I love this story because it creates such a strong narrative in a very short time span. The parents don't value their daughter as a person. They value her only as a child. Knowing that she is becoming an adult, they take a piece of her purity away from her, never to be returned. They only treasure the part of her that they can control. The farmer's daughter is in a similar boat. Her only choice to escape the ritual is to give up her virginity young, and that's what she does, only for her father to disown her. You can see that both stories I talked about have a lot in common. In both cases, the children blame their parents for giving birth to them due to the abuse they undergo. But the horror comes in when they themselves give life.
Be it the boy who gives consciousness to his plush toy or the girl whose essence is used to make the creature. Their own quote unquote children suffer a terrible fate as well. One slowly dies while the other is literally made to be sold into slavery. These two stories fascinate me because usually in cosmic horror and weird fiction, it's religious themes that are the source of existential horror. The classic Lovecraftian gods, if you will. Here, it's the other way around really.
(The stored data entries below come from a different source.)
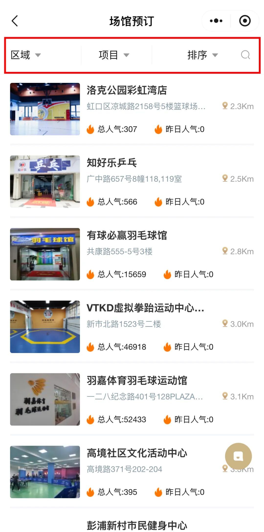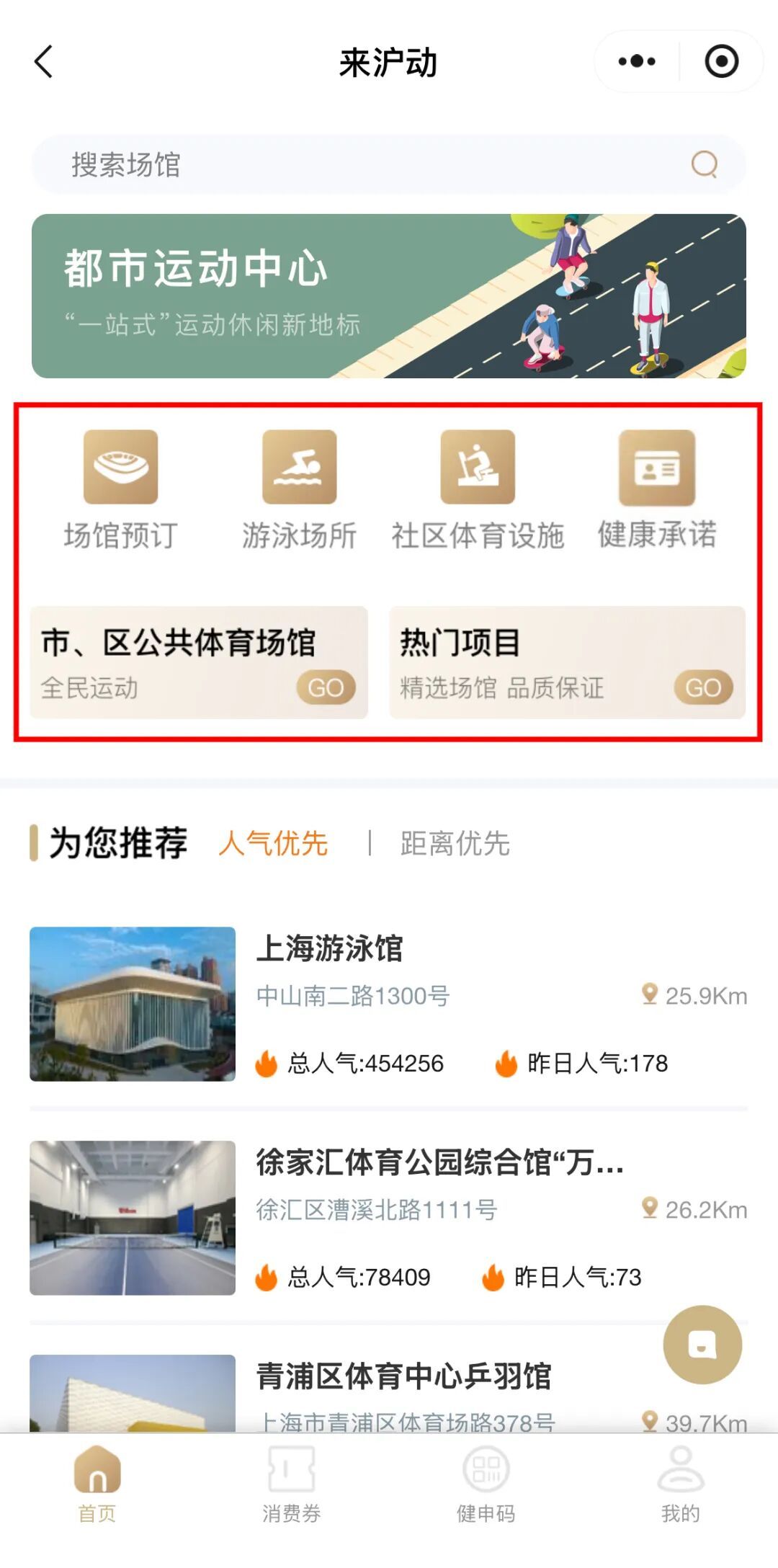 进入服务页面后,可通过“场馆预订”“游泳场所”“社区体育设施”和“市、区公共体育场馆”查询场馆信息及在线预约,或通过“热门项目”板块,按照运动类型选择场馆,还可以根据推荐选择热门运动场馆哦~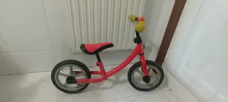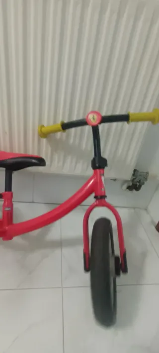 Bicicleta de aprendizaje para niños, ideal para iniciarse en el mundo de las dos ruedas. Estado aceptable, con todas sus funciones. - Color rojo vibrante. - Ruedas de goma. - Sillín ajustable en altura. - Puños de goma para un mejor agarre.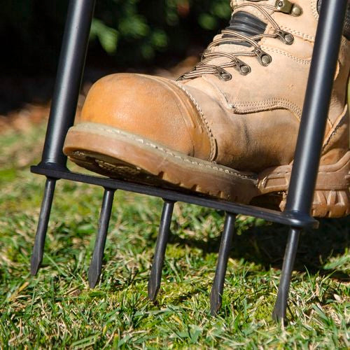 The Trojan Spiked Lawn Aerator is ideal for aerating the lawn. Aeration is vital to any lawn as it allows air, water and nutrients to reach deep into the soil resulting in deeper roots and a healthier lawn. This product features a strong carbon steel frame with a large foot tread which is perfect for harder soils.

If you have an atheist worldview, then the entities responsible for your consciousness are technically your parents, not a god, which is a really weird concept, at least to me.
The quote unquote supernatural elements here make the protagonist also give life to something even though they're just children. The horror in both stories is the process of involuntarily receiving and giving consciousness. And it's interesting to see it be portrayed in two different ways within the same anthology. As for my thoughts on the book, one thing that's done exceptionally well here is how most of the stories are unapologetically set in Hungary. It's no secret that most of the world lives in a sort of American monoculture and partially it's self-inflicted. When I think about the horror and weird fiction books I grew up on, it was always American, English, and by the nature of me being Eastern European, also Russian, it creates an illusion that there is no market for horror set in, for example, Hungary.
That people aren't interested in hell energy and whis, but that's just not true. A lot of people want to explore other regions of the world across genres, horror being no exception, and the author of this book seems to understand that quite well. He also doesn't fall into the other side of the trap, which is over relying on setting.
I am currently working on a larger project in which I'd like to go over all Eastern European horror movies, and a lot of these have nothing going for them except being set somewhere where no horror movie ventured before them. Atila Veres made something that is original, well executed and good by international standards. And at the same time, he's not afraid to set these stories in the place he comes from. Of course, there are stories included which are set elsewhere. For example, my third favorite is called Multiplied by Zero, which takes place in a fictional country ruled by incomprehensible deities. By the way, if you have been sold on the book, I highly recommend trying this part. It's a sort of Lovecraftian love story which manages to be funny and very unsettling at the same time. Anyway, this book is something I heavily recommend. Warm thanks to everyone who supported me. I am planning a bit of a different format for the next video. So, until then, take care.